Blackened Black vs Dock Blue
Blackened Black (Jotun) and Dock Blue (Little Greene) come from different manufacturers. Blackened Black reads as grey, while Dock Blue reads as blue — two distinct hue families, not close cousins. The 3-point LRV gap — 7 for Blackened Black vs 4 for Dock Blue — means Blackened Black will open up a space more effectively. Where Blackened Black leans neutral, Dock Blue reads blue — a distinction that shifts noticeably depending on the light source and surrounding finishes. A ΔE of 12.0 puts these firmly in different territory — two distinct design choices rather than close alternatives. Below you'll find 3 real-room photo comparisons where both colors appear side by side, plus 5 simulated room previews.
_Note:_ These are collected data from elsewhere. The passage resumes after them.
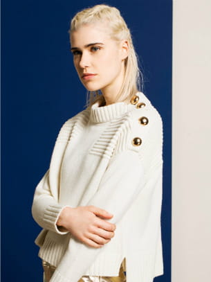 Pull crème en laine avec boutonnage doré sur l'épaule et fentes sur les côtés de Tara Jarmon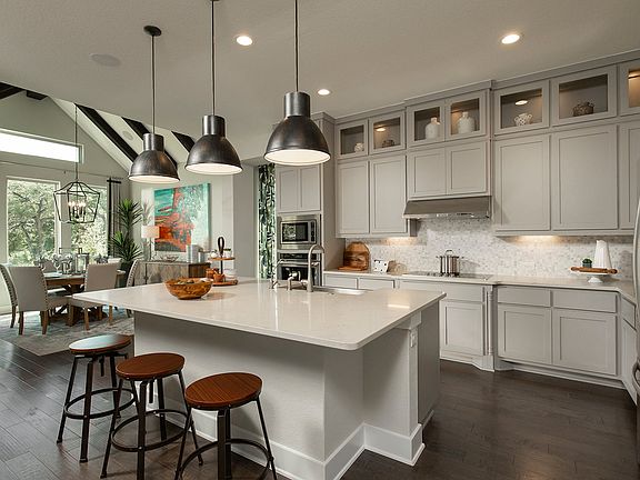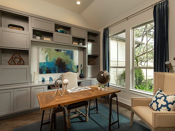 Your dream home awaits in Headwaters. This elegant, single-story home is situated on an 80' homesite with breathtaking hill country views! Enjoy peaceful sunsets in your backyard while being a short walk to the brand-new elementary school opening Fall 2025. Upon entering, you are welcomed into the large, open living space, which includes a surplus of large windows that bring in natural light and outdoor views. Entertaining is easy in the chef's kitchen, which is adjacent to the family room and dining area and boasts a large island and custom-painted cabinetry. Around the corner is a separate game room, ready for movie-watching and fun. The primary suite, situated at the rear of the home, provides a private and restful retreat complete with a stunning bow window from which to take in views of the surrounding greenbelt views. The luxurious primary bath features a large shower, free-standing soaking tub, and separate vanities. A second bedroom with a private bath is a perfect guest/in-law suite, while the other two bedrooms share a convenient Jack-and-Jill bathroom - perfect for kids. A study and 3-car garage finish this stately, LEED-certified home. *Photos and Virtual Tours may be of the same home plan located in a different neighborhood. Features and elevations may vary.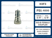 H3F3 by Dixon Valve | Hydraulic Quick Disconnect Coupling | H-Series | 3/8" Female NPTF x 3/8" ISO-B Interchange | Plug | Steel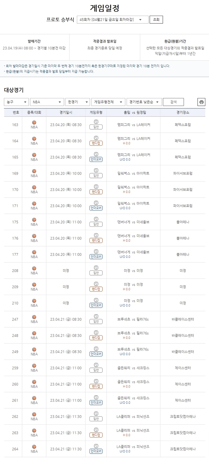 프로토 승부식 45회차 중 NBA플레이오프를 대상으로 하는 한경기구매 게임은 20일 오전 8시 30분에 페덱스포럼에서 경기를 갖는 멤피스-LA레이커스(163~165번)전을 시작으로 밀워키-마이애미(169-171번), 덴버-미네소타(175-177번), 브루클린-필라델피아(247~249번), 골든스테이트-새크라멘토(259~261번), LA클리퍼스-피닉스(262~264번)전 등이 대상경기로 지정됐다.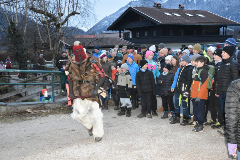 Auf dem Dorfplatz von Schleching standen alle Altersgruppen in gespannter Erwartung, wann es endlich losgeht zur angekündigten Fackelwanderung der Geigelstoa Pass. Als dann wie aus dem nichts die ersten beiden Krampein auftauchten, formierte sich ein langer Zug, der den furchteinflößenden Gestalten folgte. Es ging quer durchs Dorf vorbei beim Wiaschdei, wo verdächtiger Qualm unter dem Scheunentor hervorquoll und hörbares Gerassel auf weitere Krampein schließen ließ.

Blackened Black vs Dock Blue in Real Spaces
3 real rooms side by side. Seeing Blackened Black and Dock Blue in actual rooms makes the difference concrete; browse the spaces below to get a feel for how each color lives on a wall.
Living Room
A living room wall sees more varied light than almost any other surface in the house, which makes the choice between these two more nuanced than a chip suggests. Blackened Black reads slightly lighter here — a subtle but real difference in how open the space feels.
Bedroom
Bedrooms are typically lit with warmer, lower light than the rest of the house — a condition that flatters warm tones and deepens cool ones. Blackened Black has the edge in reflectance, which shows as a quiet sense of added space rather than an obvious contrast.
Kitchen Cabinets
Cabinet color is always seen in context — against countertops, backsplash, and hardware — which amplifies undertone differences that might disappear on a plain wall. Blackened Black has the edge in reflectance, which shows as a quiet sense of added space rather than an obvious contrast.
Color Details
Blackened Black vs Dock Blue Simulated Comparison
5 simulated room previews — drag the slider on each to see Blackened Black on one side and Dock Blue on the other.
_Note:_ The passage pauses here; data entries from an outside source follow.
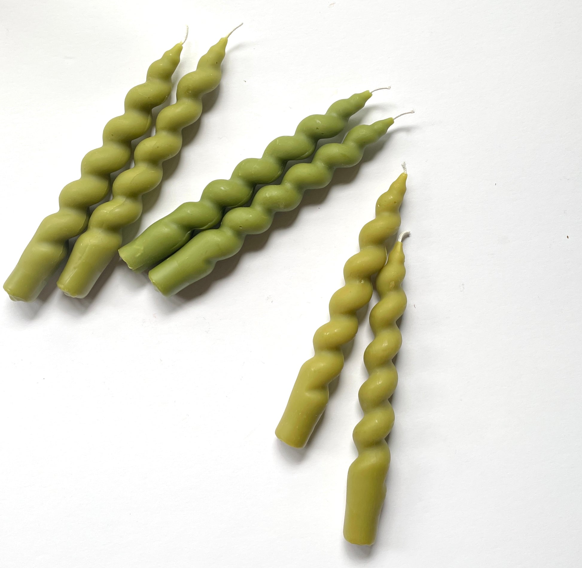 Green Beeswax Wavy Curvy Taper Candles, Pair of 2 // Tapers, Twist, Tapered Candles, Beeswax Candles, 8" Tapers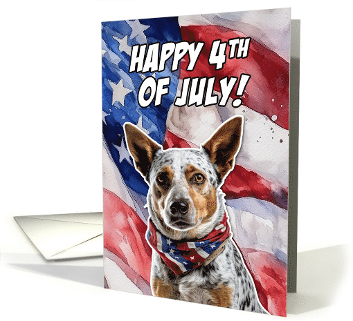 | Artist Notes: | A patriotic Australian Cattle dog dressed in stars and stripes on an American flag watercolor background with the text 'Happy 4th of July!'. The perfect card to send to for an aussie cattle dog mom or dad to celebrate the birthday of America. |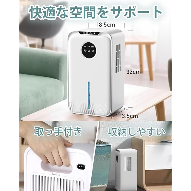 【小型・軽量で持ち運び簡単】サイズは32×18.5×13.5cm、重さ約2kg。クローゼット、玄関、浴室、脱衣所、子供部屋、キッチンなどの狭い空間にもぴったり。適用面積:約3〜15畳。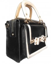 Studded Bow Designer Structured Leather LYDC Womens Hand Bag Satchel Black

Digital color is approximate. These simulations are generated from the manufacturer's hex values and overlaid on grayscale room photos — your screen's calibration, brightness, and viewing angle all affect how they render. Before committing to either color, test physical samples in your own space under the light you actually live with.
More Blackened Black comparisons
See how Blackened Black stacks up against other well-photographed colors across different brands and tones.